Freiras carmelitas e liberdades individuais

A notícia de que as Carmelitas vão poder ligar o televisor para ver o Papa, quando da sua deslocação a Portugal, em Maio próximo, não surpreende quem acompanhe a vida religiosa, mas perturba os que se preocupam com a defesa dos direitos e liberdades individuais.

Não discuto se estas mulheres, que fizeram voto de silêncio, se encontram em clausura de livre vontade, se rezam por convicção e se anulam por vocação. A Irmã Lúcia, a mais antiga reclusa conhecida, morreu com odor a santidade e canonização garantida, depois de ter visto o Sol às cambalhotas, de ter falado com uma senhora muito bela, que lhe revelou segredos para o mundo inteiro, preocupada com a conversão da Rússia, e que, do cimo de uma azinheira da Cova da Iria, lhe pediu para divulgar o terço como o mais eficaz demonífugo.

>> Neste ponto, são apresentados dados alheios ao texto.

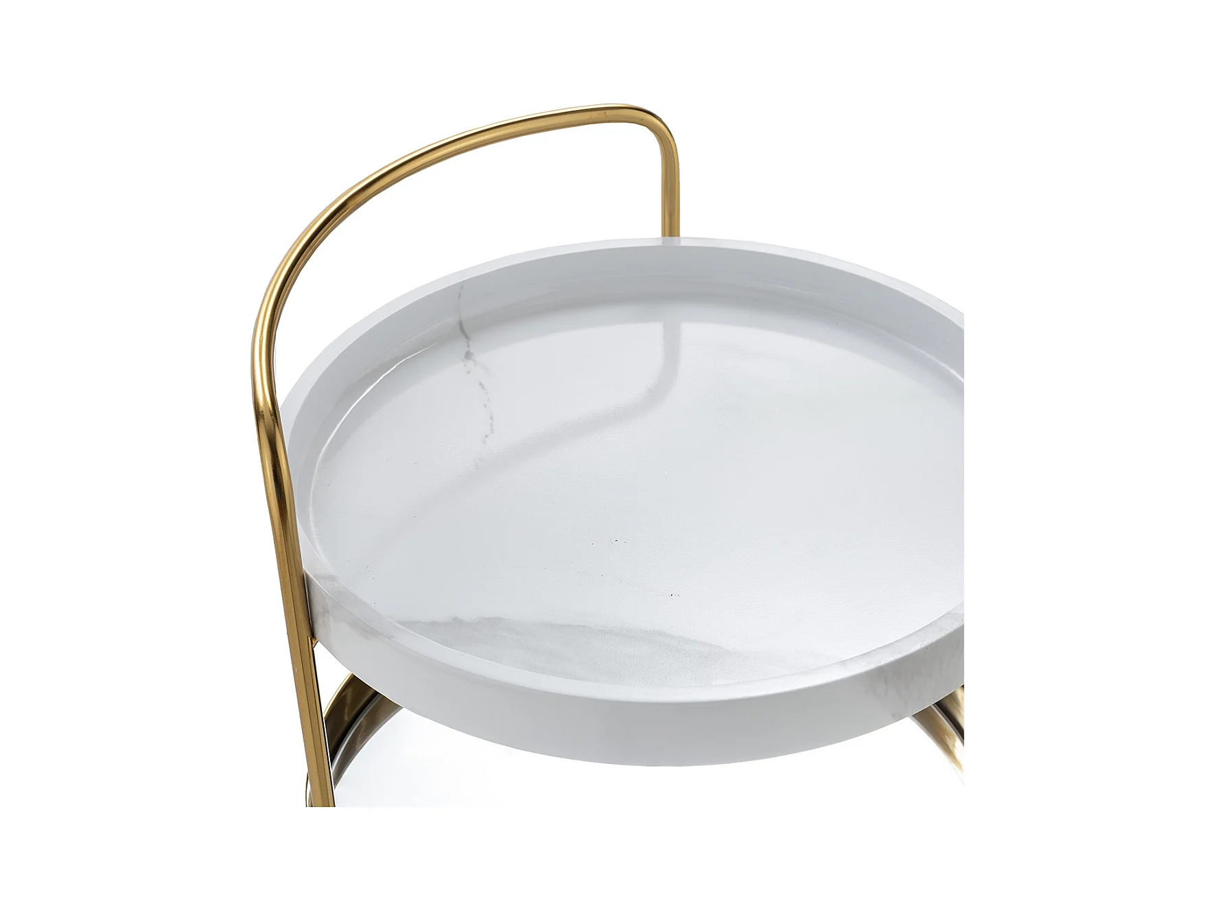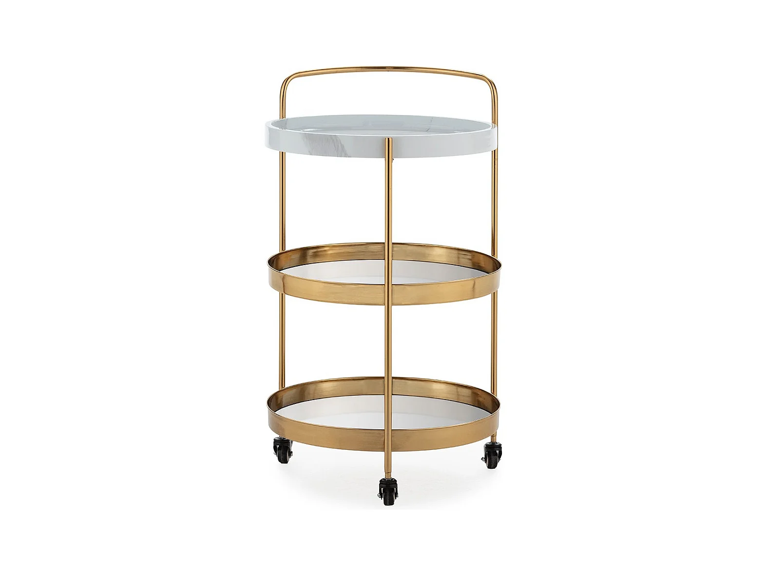 Chariot de bar ZOVA en métal, marbre artificiel et miroir – Doré & Blanc

Não me inquieta que a vidente tenha visitado o Inferno onde viu logo o administrador do concelho de Ourém que, por acaso, não frequentava a missa, nem que tenha previsto que um homem de branco seria baleado e que João Paulo II se tenha considerado o alvo dessa profecia.

O que me preocupa é a clausura, com a exclusiva excepção para votarem, certamente no partido que melhor defenda a família, que lhes é interdita, a obrigatoriedade da reclusão e o voto de silêncio, anormalidades a que podem pretender renunciar mas que a coacção conventual, o corte de laços com a família e com o mundo impedem definitivamente.

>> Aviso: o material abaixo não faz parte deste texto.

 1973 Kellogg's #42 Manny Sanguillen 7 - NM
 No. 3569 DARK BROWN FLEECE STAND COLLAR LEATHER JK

Será legítimo, num Estado democrático, a existência de cárceres privados, ainda que sob os auspícios da única religião verdadeira? Não deverá o Estado, à semelhança do que faz com creches e lares da terceira idade, exercer um papel fiscalizador que averigúe as relações de poder dentro desses cemitérios de gente viva, no interior de conventos onde as mais cruéis formas de relacionamento podem existir à margem de qualquer controlo?

Sabemos o que sucedeu na Irlanda com jovens metidas em conventos – por terem sido mães solteiras ou para serem afastadas das heranças –, eram vítimas de maus tratos e de tarefas repetitivas que as alienavam. Depois do julgamento dos tribunais que mandaram encerrar esses antros de violência e piedade cristã, não seria avisado que assistentes sociais, médicos e psicólogos ouvissem as reclusas fora do olhar assustador da madre superiora e do director espiritual?

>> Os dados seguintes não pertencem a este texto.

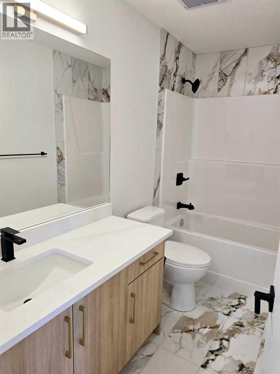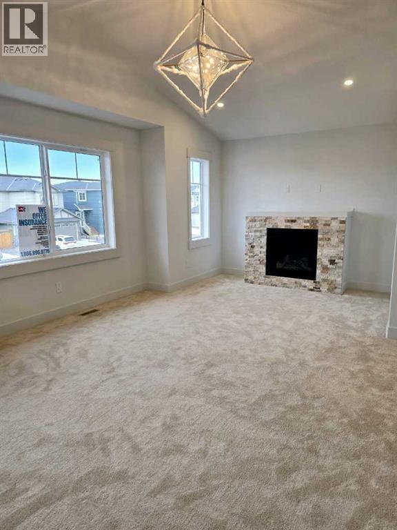 FALL PROMOTIONAL PRICE! Quick possession available! Open Spaces + Happy Faces in a Country Quiet Community. Spacious south backing lot (42' x 135') with a Brand new 2,460 sq.ft. two story with attached triple garage (28' x 23') and side access walk-up basement. Bright, open plan with spacious main level dining nook, kitchen with island and walk-through pantry (wood shelving) to spacious mud room (wood bench + lockers), family room with gas fireplace, private Work From Home Office, two piece bath and spacious front entry. Three bedrooms on the upper level including 13'7"' x 16'7" Primary suite with raised tray ceiling and large walk-in closet (wood shelving), 5 piece Ensuite, bonus room with vaulted ceiling and gas fireplace, laundry room with sink and cabinetry, and 4 piece main bath. Bright undeveloped side access basement has high efficiency mechanical, roughed-in bath plumbing, and large windows for lots of natural light. Very nicely appointed with ceiling height cabinets, quartz counter tops, upgraded lighting, vinyl plank, tile + carpet flooring, wood shelving in all closets, upgraded exterior and stonework. Includes GST (rebate to builder), new home warranty, rear deck with vinyl cover, front sod + tree, and $5,000 appliance allowance. Great family community with school, park and pond nearby, recreation facilities, and a quick commute to Airdrie, Balzac Mall, Calgary, or hospital nearby at Didsbury. A little drive, a lot of savings! (id:51913)

Num país democrático não pode haver feudos onde a mais leve suspeita de violência se possa levantar e onde o Estado se desinteresse pela vida de quem alienou direitos que a consciência humana e as leis consideram irrenunciáveis.

13 de Fevereiro, 2010 Carlos Esperança

O bom abade Jean Meslier

Um século antes de Nietzsche e várias décadas antes do marquês de Sade foi um padre ateu, vigário de aldeia que viveu no norte da França entre os anos de 1664 e 1729 que, no manuscrito intitulado «Memória dos pensamentos e dos sentimentos de Jean Meslier», concluído em 1720, e nas Cartas aos curas, preconizou uma sociedade ideal fundamentada no ateísmo.

O abade Meslier, indignado com a opressão e as injustiças sociais praticadas contra os camponeses, durante o reinado de Luís XIV, foi um autor radical, incisivo, comunista e ateu, mas manteve as suas ideias no mais absoluto sigilo, pois sabia que, não existindo vida para além da morte, devia preservar a única e irrepetível que lhe coube.

Os seus escritos onde nega de forma inequívoca o dogma da criação do universo e, por conseguinte, as ideias de divindade, transcendência e ordenação divina da natureza, só foram conhecidos postumamente. Foi um revoltado, por razões políticas e sociais, com sermões materialistas, mas calcula-se o escândalo provocado pelo seu ateísmo, quando foi conhecido, e pelas diatribes contra Cristo, que descreveu como louco, fanático, ignorante e charlatão, indivíduo astuto que se aproveitou da credulidade e do desespero de pessoas ignorantes para estabelecer o seu império.

Foi, aliás, imensamente crítico para com a religião, que considerou um artifício humano, nefasto expediente dos espertalhões e um eficiente instrumento de dominação utilizado por reis, sacerdotes e demais parasitas para submeterem e manipularem as populações miseráveis e abatidas pelo sofrimento.

O abade Meslier é um expoente do Iluminismo francês cujo manuscrito, se não fosse tão prolixo e de estilo rebarbativo, era merecedor de ombrear com as obras de Montesquieu, Rousseau e Voltaire, na filosofia política das Luzes que originou a Revolução Francesa.